Exact repetition of a range: find the line containing "Em virtude da" and the line containing "индейкой на голове." in the material below, then repeat both and all lines between them, leaving pictures out.

Records =>
========================

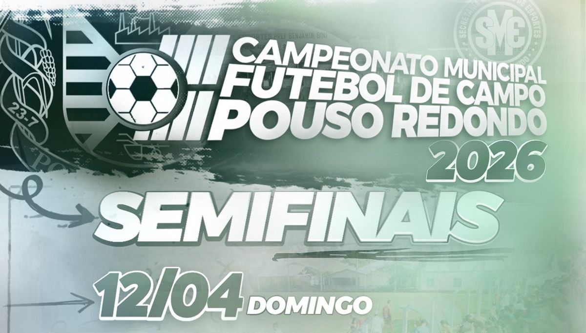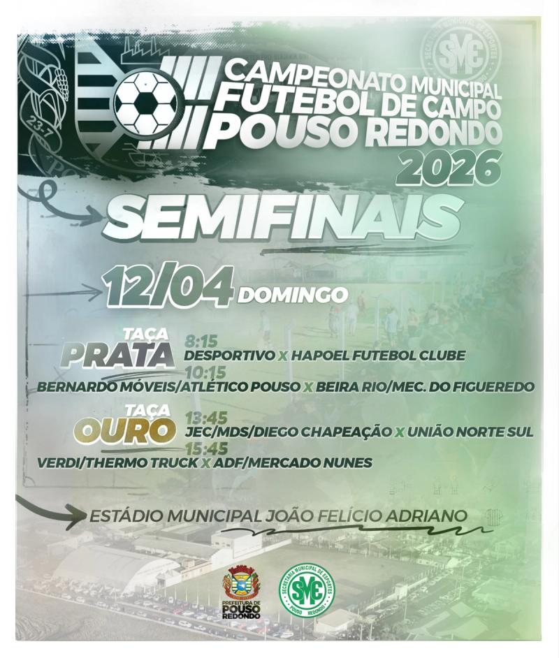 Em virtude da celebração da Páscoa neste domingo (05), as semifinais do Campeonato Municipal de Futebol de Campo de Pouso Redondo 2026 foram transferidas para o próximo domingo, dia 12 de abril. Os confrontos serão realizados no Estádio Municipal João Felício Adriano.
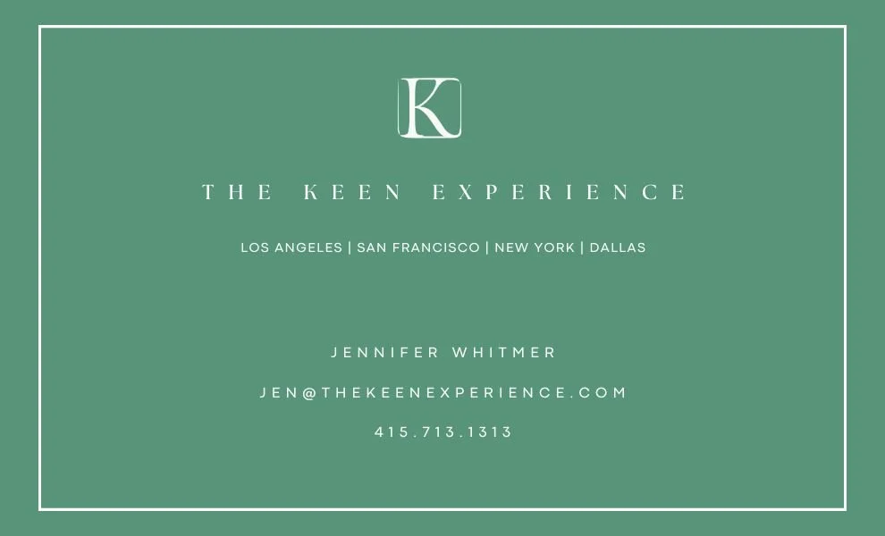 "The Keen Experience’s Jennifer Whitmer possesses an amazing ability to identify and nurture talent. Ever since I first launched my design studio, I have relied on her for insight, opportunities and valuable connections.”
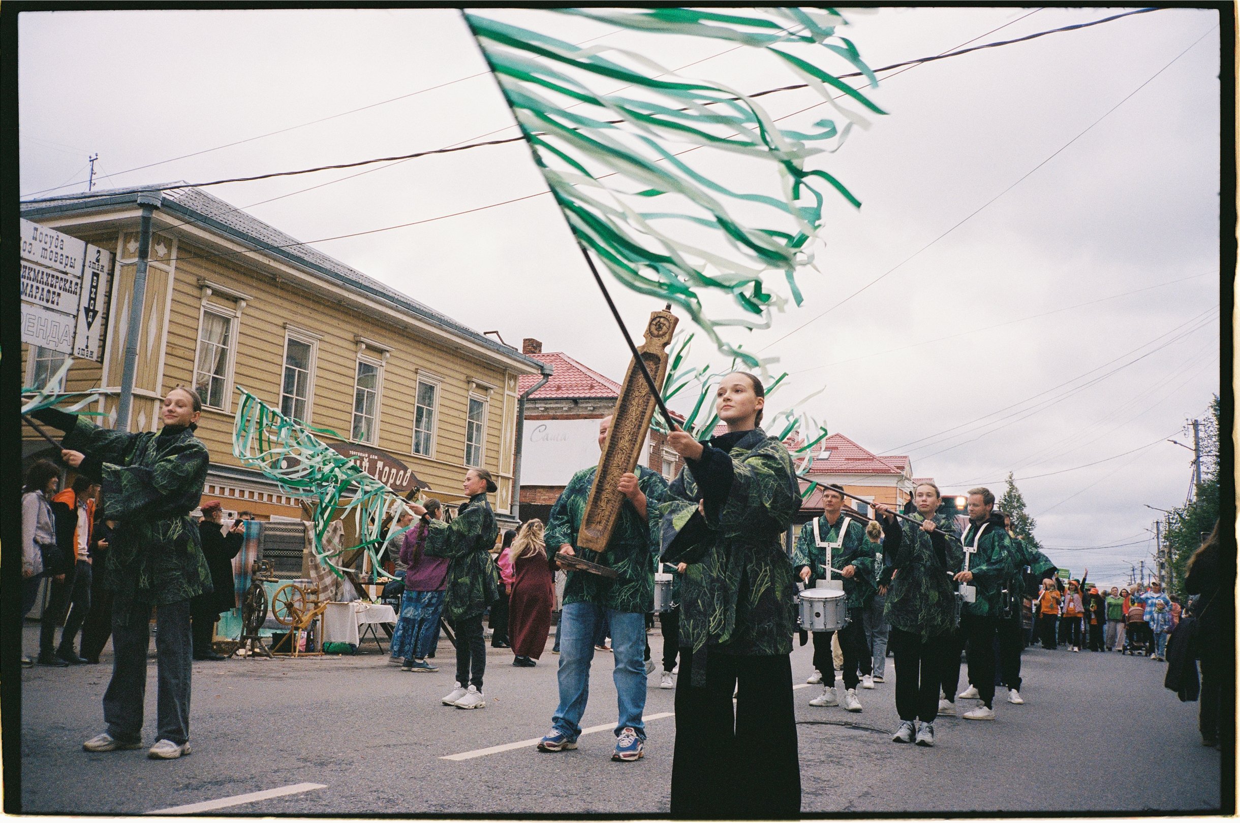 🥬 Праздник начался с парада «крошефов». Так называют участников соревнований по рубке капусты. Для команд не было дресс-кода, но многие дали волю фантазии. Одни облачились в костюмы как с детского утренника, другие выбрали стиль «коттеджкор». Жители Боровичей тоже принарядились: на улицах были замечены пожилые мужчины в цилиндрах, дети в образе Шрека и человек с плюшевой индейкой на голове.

========================

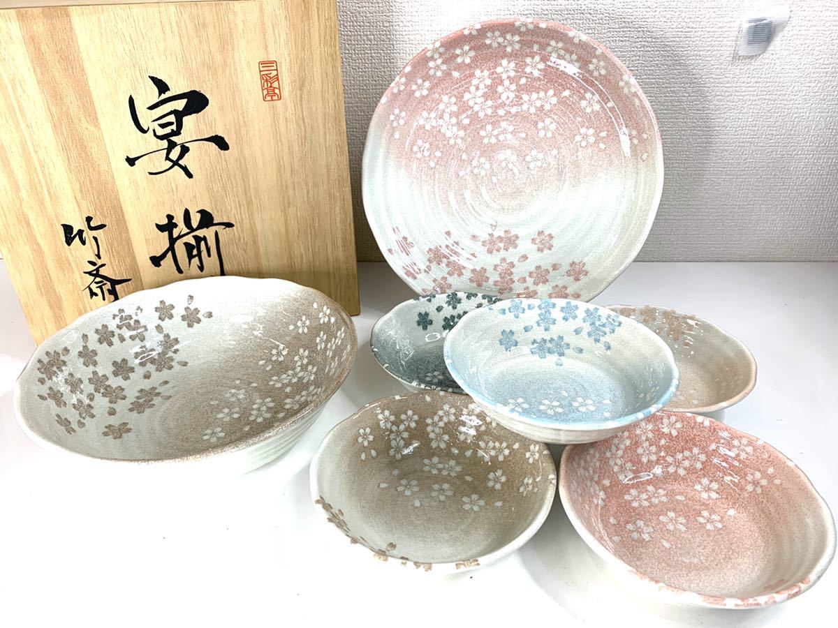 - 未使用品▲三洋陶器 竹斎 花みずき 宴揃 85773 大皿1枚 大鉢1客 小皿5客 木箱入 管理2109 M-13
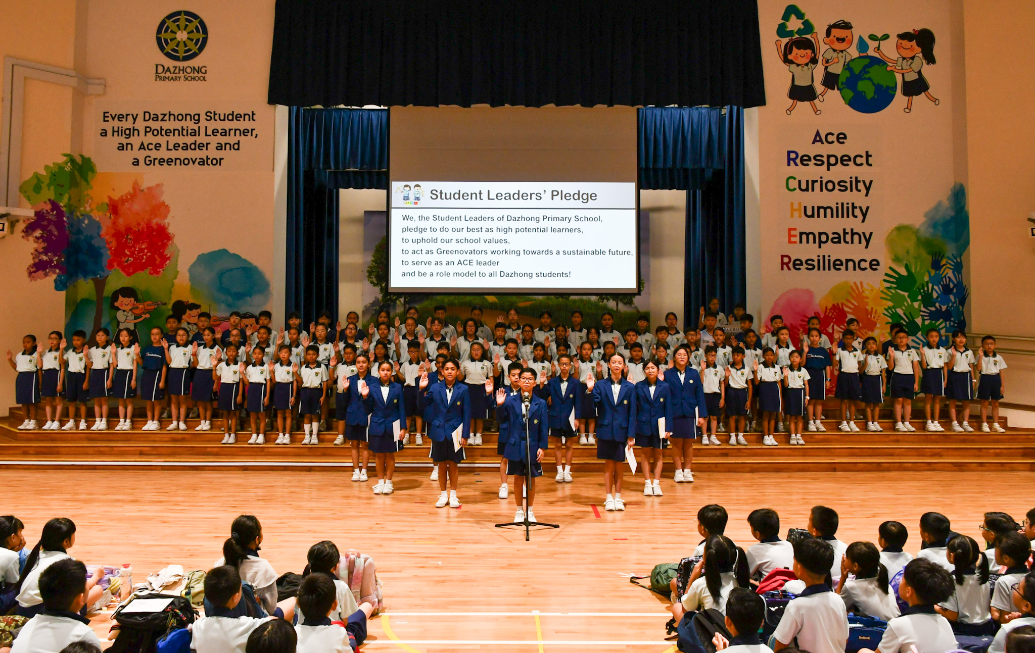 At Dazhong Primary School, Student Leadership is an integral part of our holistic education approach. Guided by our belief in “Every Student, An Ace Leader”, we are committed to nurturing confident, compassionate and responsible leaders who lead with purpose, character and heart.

========================

Answer for this exercise =>
 Em virtude da celebração da Páscoa neste domingo (05), as semifinais do Campeonato Municipal de Futebol de Campo de Pouso Redondo 2026 foram transferidas para o próximo domingo, dia 12 de abril. Os confrontos serão realizados no Estádio Municipal João Felício Adriano.
 "The Keen Experience’s Jennifer Whitmer possesses an amazing ability to identify and nurture talent. Ever since I first launched my design studio, I have relied on her for insight, opportunities and valuable connections.”
 🥬 Праздник начался с парада «крошефов». Так называют участников соревнований по рубке капусты. Для команд не было дресс-кода, но многие дали волю фантазии. Одни облачились в костюмы как с детского утренника, другие выбрали стиль «коттеджкор». Жители Боровичей тоже принарядились: на улицах были замечены пожилые мужчины в цилиндрах, дети в образе Шрека и человек с плюшевой индейкой на голове.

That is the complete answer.